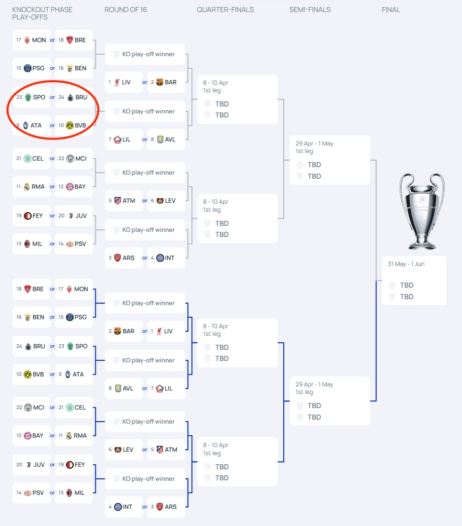 葡萄牙体育本赛季欧冠开局3胜1平,一度高局积分榜第2位,仅次于利物浦。但是前主帅阿莫林被曼联挖走之后,球队在欧冠3连败排名疯狂下滑。最终后4轮惊险拿下1分的葡体,仅排名附加区倒数第2,他们将在附加赛对阵亚特兰大或是多特蒙德。
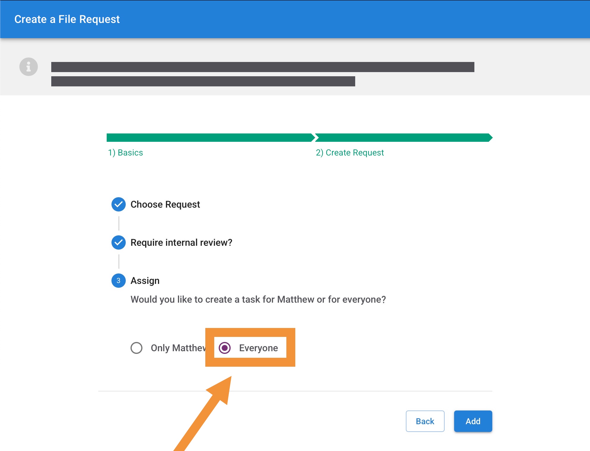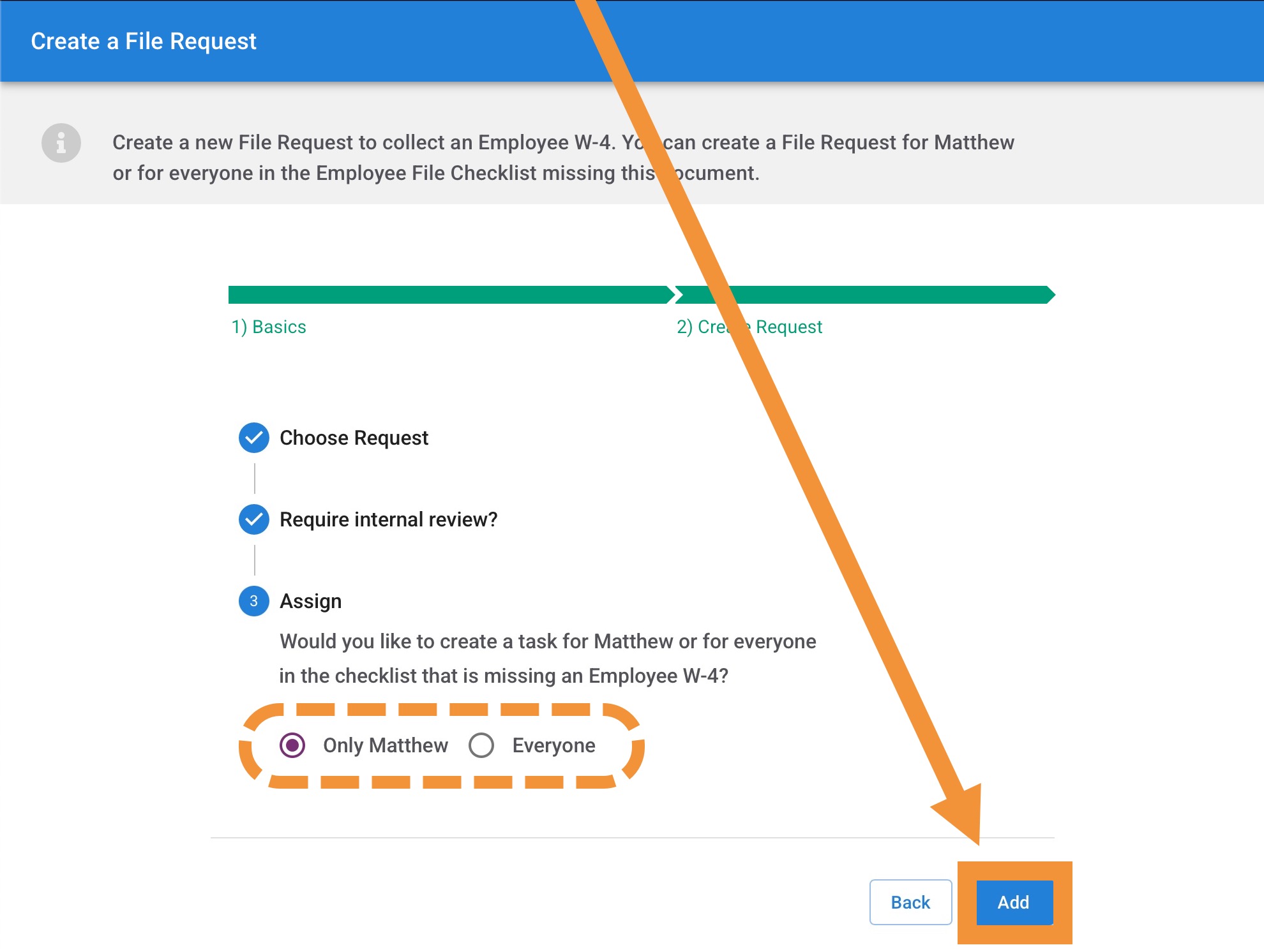If this employee is the only person missing this document, then leave only them selected. If others are also missing this document, select Everyone to automatically replicate this request for anyone who's missing this document in the File Audit.
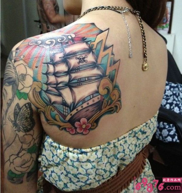 美女后肩部好看的乘风破浪帆船纹身图图片
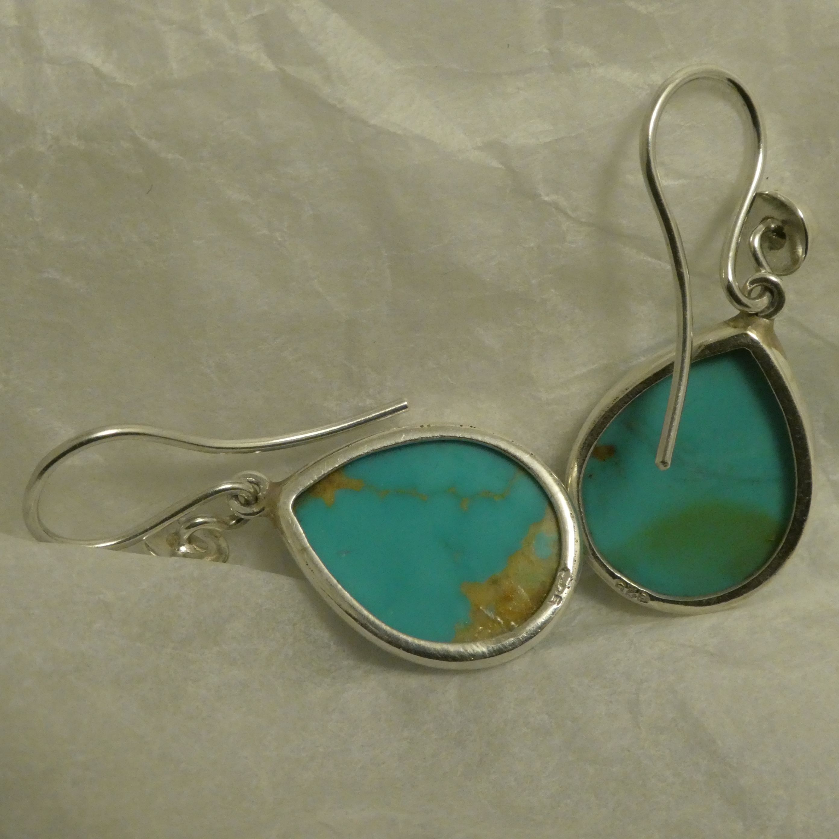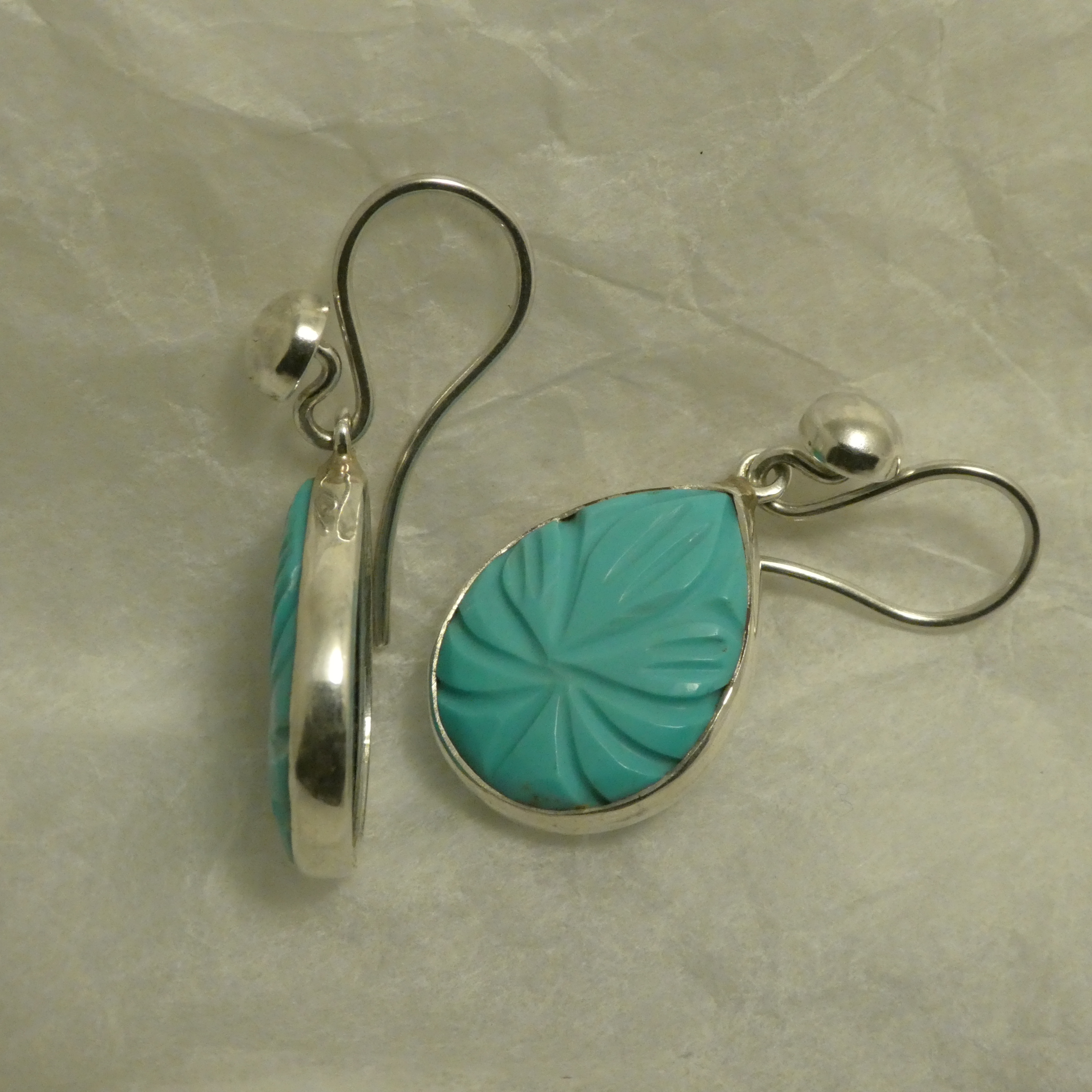 Handcarved Turquoise Teardrops, in bezel settings specifically handcrafted for this pair. The Turquoise pair, already carved, was sourced in Kabul, Afghanistan, and taken to Jaipur, Rajasthan, where the Silver bezel settings were crafted. The Silver earhooks are Sydney made.

**TASK INSTRUCTIONS**
Give back each line above verbatim, dropping every picture.

**WRITTEN ANSWER**
 葡萄牙体育本赛季欧冠开局3胜1平,一度高局积分榜第2位,仅次于利物浦。但是前主帅阿莫林被曼联挖走之后,球队在欧冠3连败排名疯狂下滑。最终后4轮惊险拿下1分的葡体,仅排名附加区倒数第2,他们将在附加赛对阵亚特兰大或是多特蒙德。
If this employee is the only person missing this document, then leave only them selected. If others are also missing this document, select Everyone to automatically replicate this request for anyone who's missing this document in the File Audit.
 美女后肩部好看的乘风破浪帆船纹身图图片
 Handcarved Turquoise Teardrops, in bezel settings specifically handcrafted for this pair. The Turquoise pair, already carved, was sourced in Kabul, Afghanistan, and taken to Jaipur, Rajasthan, where the Silver bezel settings were crafted. The Silver earhooks are Sydney made.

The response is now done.